You can simply use it by switching the model parameter:

curl
python

$ curl https://api.moonshot.ai/v1/chat/completions \
    -H "Content-Type: application/json" \
    -H "Authorization: Bearer $MOONSHOT_API_KEY" \
    -d '{
        "model": "kimi-k2-thinking",
        "messages": [
            {
                "role": "system",
                "content": "You are Kimi."
            },
            {
                "role": "user",
                "content": "Please explain why 1+1=2."
            }
        ],
        "temperature": 1.0
   }'

import os
import openai

client = openai.Client(
    base_url="https://api.moonshot.ai/v1",
    api_key=os.getenv("MOONSHOT_API_KEY"),
)

stream = client.chat.completions.create(
    model="kimi-k2-thinking",
    messages=[
        {
            "role": "system",
            "content": "You are Kimi.",
        },
        {
            "role": "user",
            "content": "Please explain why 1+1=2."
        },
    ],
    max_tokens=1024*32,
    stream=True,
    temperature=1.0,
)

thinking = False
for chunk in stream:
    if chunk.choices:
        choice = chunk.choices[0]
        if choice.delta and hasattr(choice.delta, "reasoning_content"):
            if not thinking:
                thinking = True
                print("=============Start Reasoning=============")
            print(getattr(choice.delta, "reasoning_content"), end="")
        if choice.delta and choice.delta.content:
            if thinking:
                thinking = False
                print("\n=============End Reasoning=============")
            print(choice.delta.content, end="")

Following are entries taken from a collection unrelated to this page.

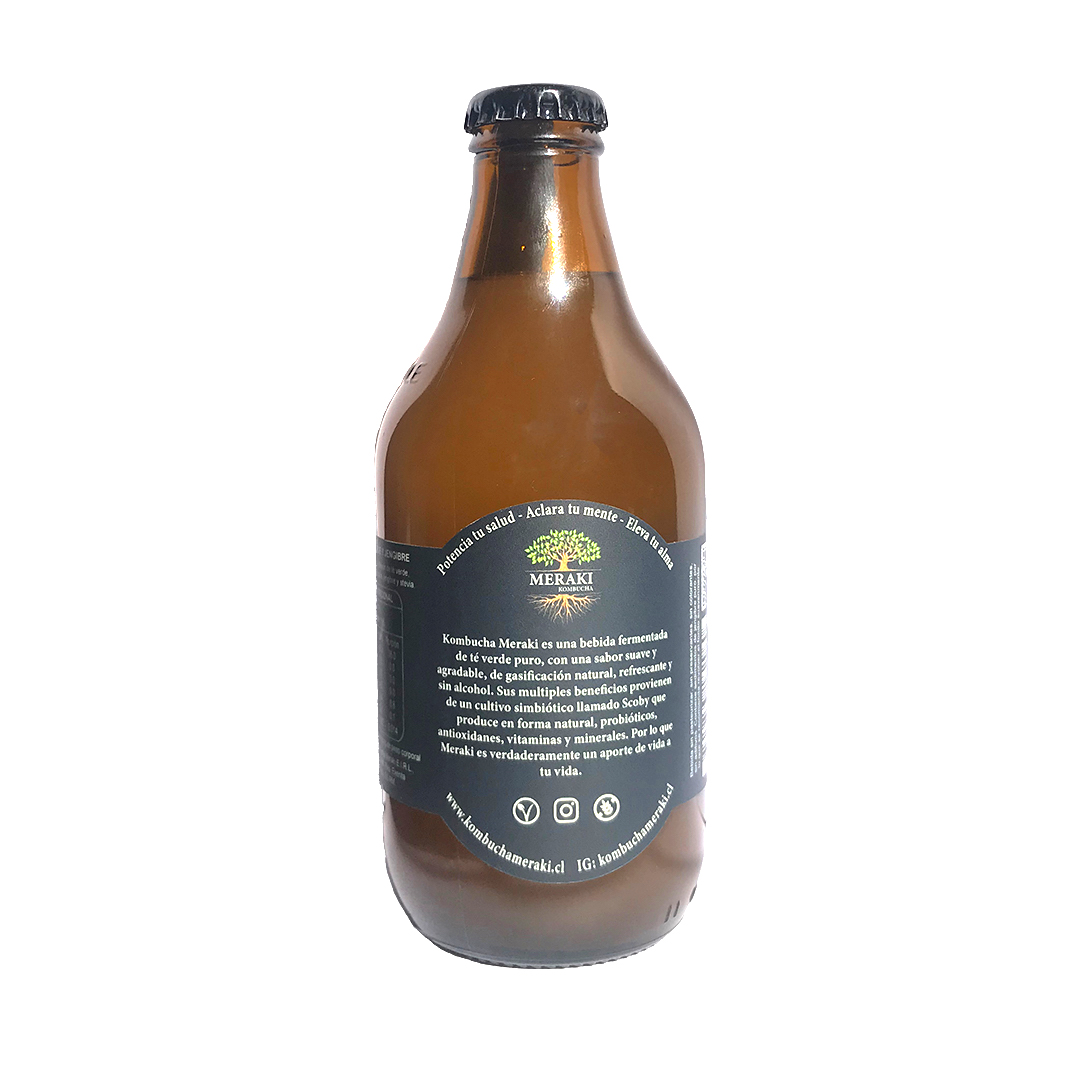 Kombucha Meraki es una bebida hecha 100% de té verde y zumo exprimido de jengibre, sin alcohol, burbujeante, rica y refrescante. Posee probióticos, antioxidantes, polifenoles, aminoácidos, vitaminas y minerales que revitalizan tu cuerpo, aclaran tu mente y elevan tu alma.
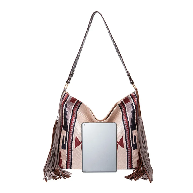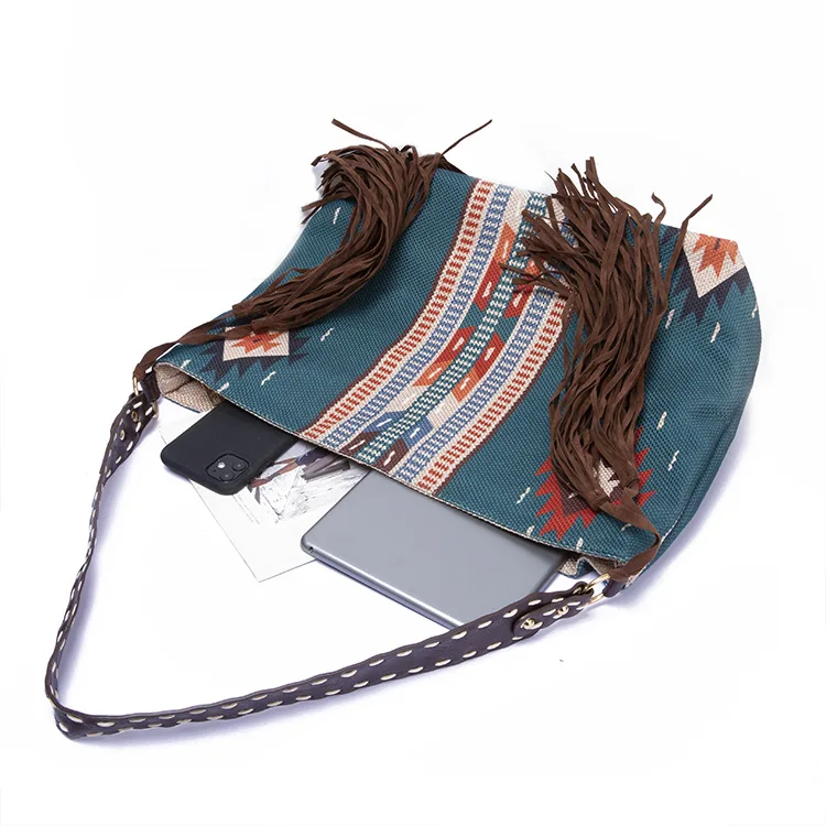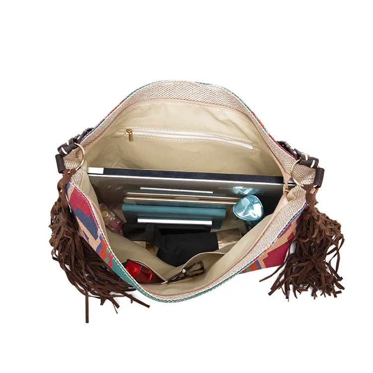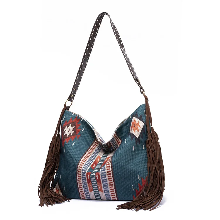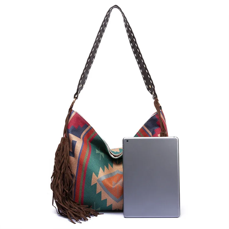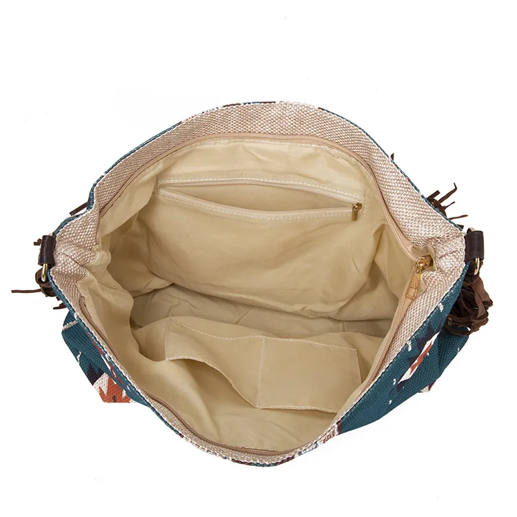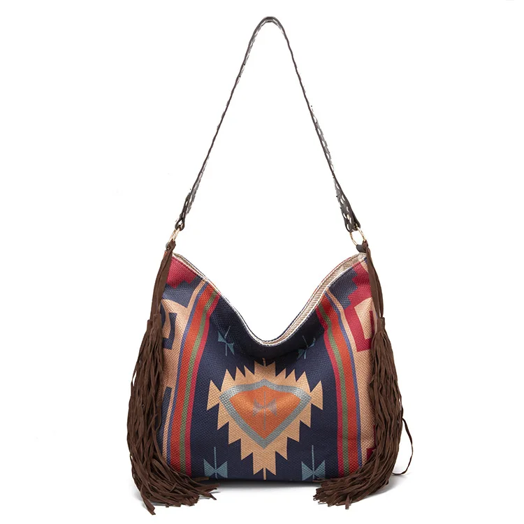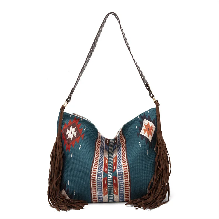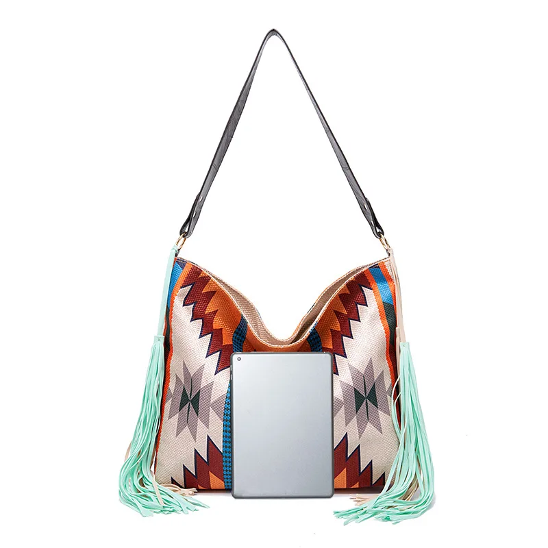 Bohemian Large Capacity Tote Bag Vintage Canvas Women Shoulder BagsTassel Geometric Patterns Crossbody Bag Big Shopper Purses
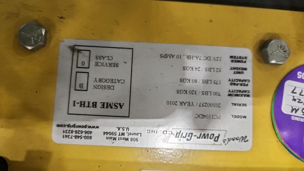 Wood's Pwr-Grip Center-Load Vacuum Lifter, mod. PC1104DC, ser. no. 20100257, 700 lbs. cap. [Loc. Assembly]

Using the Kimi K2.6 model with thinking enabled

For the kimi-k2.6 model, thinking is enabled by default, no need to manually specify it:

curl
python

$ curl https://api.moonshot.ai/v1/chat/completions \
    -H "Content-Type: application/json" \
    -H "Authorization: Bearer $MOONSHOT_API_KEY" \
    -d '{
        "model": "kimi-k2.6",
        "messages": [
            {
                "role": "system",
                "content": "You are Kimi."
            },
            {
                "role": "user",
                "content": "Please explain why 1+1=2."
            }
        ]
   }'

import os
import openai

client = openai.Client(
    base_url="https://api.moonshot.ai/v1",
    api_key=os.getenv("MOONSHOT_API_KEY"),
)

stream = client.chat.completions.create(
    model="kimi-k2.6",
    messages=[
        {
            "role": "system",
            "content": "You are Kimi.",
        },
        {
            "role": "user",
            "content": "Please explain why 1+1=2."
        },
    ],
    max_tokens=1024*32,
    stream=True,
    # temperature=1.0, # For k2.6 models, use default temperature, no need to explicitly specify
    # No additional parameters needed, thinking is enabled by default
)

thinking = False
for chunk in stream:
    if chunk.choices:
        choice = chunk.choices[0]
        if choice.delta and hasattr(choice.delta, "reasoning_content"):
            if not thinking:
                thinking = True
                print("=============Start Reasoning=============")
            print(getattr(choice.delta, "reasoning_content"), end="")
        if choice.delta and choice.delta.content:
            if thinking:
                thinking = False
                print("\n=============End Reasoning=============")
            print(choice.delta.content, end="")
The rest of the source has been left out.